- Conference: Independent
- Record: 7–4
- Head coach: Ray Callahan (2nd season);
- Captains: Bob Bell; Mark Mercurio; Earl Wilson;
- Home stadium: Nippert Stadium Riverfront Stadium

= 1970 Cincinnati Bearcats football team =

American college football season

The 1970 Cincinnati Bearcats football team represented University of Cincinnati as an independent during the 1970 NCAA University Division football season.
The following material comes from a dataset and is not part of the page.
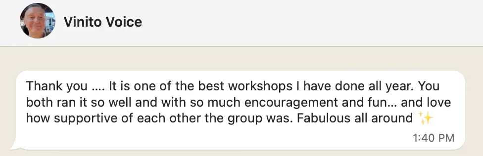 " I feel really loved up after this workshop. It really cleared a lot of my inner negative self critic... It makes me feel like I can finally do this most vulnerable thing in my life which is to sing in public... and I'm going to keep singing all my life regardless. "

Led by second-year head coach Ray Callahan, the Bearcats compiled a record of 7–4. The team played home games at Nippert Stadium in Cincinnati.

==Schedule==

| Date | Time | Opponent | Site | Result | Attendance | Source |
| September 12 | 2:30 p.m. | at Tulsa | Skelly Stadium; Tulsa, OK; | L 3–7 | 17,500 |  |
| September 19 | 7:45 p.m. | Dayton | Riverfront Stadium; Cincinnati, OH; | W 13–7 | 19,781 |  |
| September 26 | 1:30 p.m. | at William & Mary | Cary Field; Williamsburg, VA; | W 17–10 | 7,000 |  |
| October 2 | 8:00 p.m. | Tulane | Nippert Stadium; Cincinnati, OH; | L 3–6 | 11,324 |  |
| October 10 | 8:00 p.m. | Xavier | Nippert Stadium; Cincinnati, OH (rivalry); | W 42–0 | 15,573 |  |
| October 24 | 1:30 p.m. | Ohio | Nippert Stadium; Cincinnati, OH; | W 29–21 | 14,947 |  |
| October 31 | 2:38 p.m. | at Wichita State | Cessna Stadium; Wichita, KS; | W 35–5 | 27,210–27,610 |  |
| November 7 | 3:00 p.m. | at North Texas State | Fouts Field; Denton, TX; | W 30–10 | 15,500 |  |
| November 14 | 1:30 p.m. | Louisville | Nippert Stadium; Cincinnati, OH (The Keg of Nails); | L 14–28 | 4,000 |  |
| November 21 | 1:30 p.m. | Miami (OH) | Nippert Stadium; Cincinnati, OH (Victory Bell); | W 33–0 | 10,164 |  |
| November 28 |  | at Memphis State | Memphis Memorial Stadium; Memphis, TN (rivalry); | L 10–14 | 8,734 |  |
All times are in Eastern time;

==Game films==
- 1970 Cincinnati - Miami (Oh) Football Game Film, Reel 1. UC in white and visitors on scoreboard in their home stadium.
- 1970 Cincinnati - Miami (Oh) Football Game Film, Reel 2. UC in white and visitors on scoreboard in their home stadium.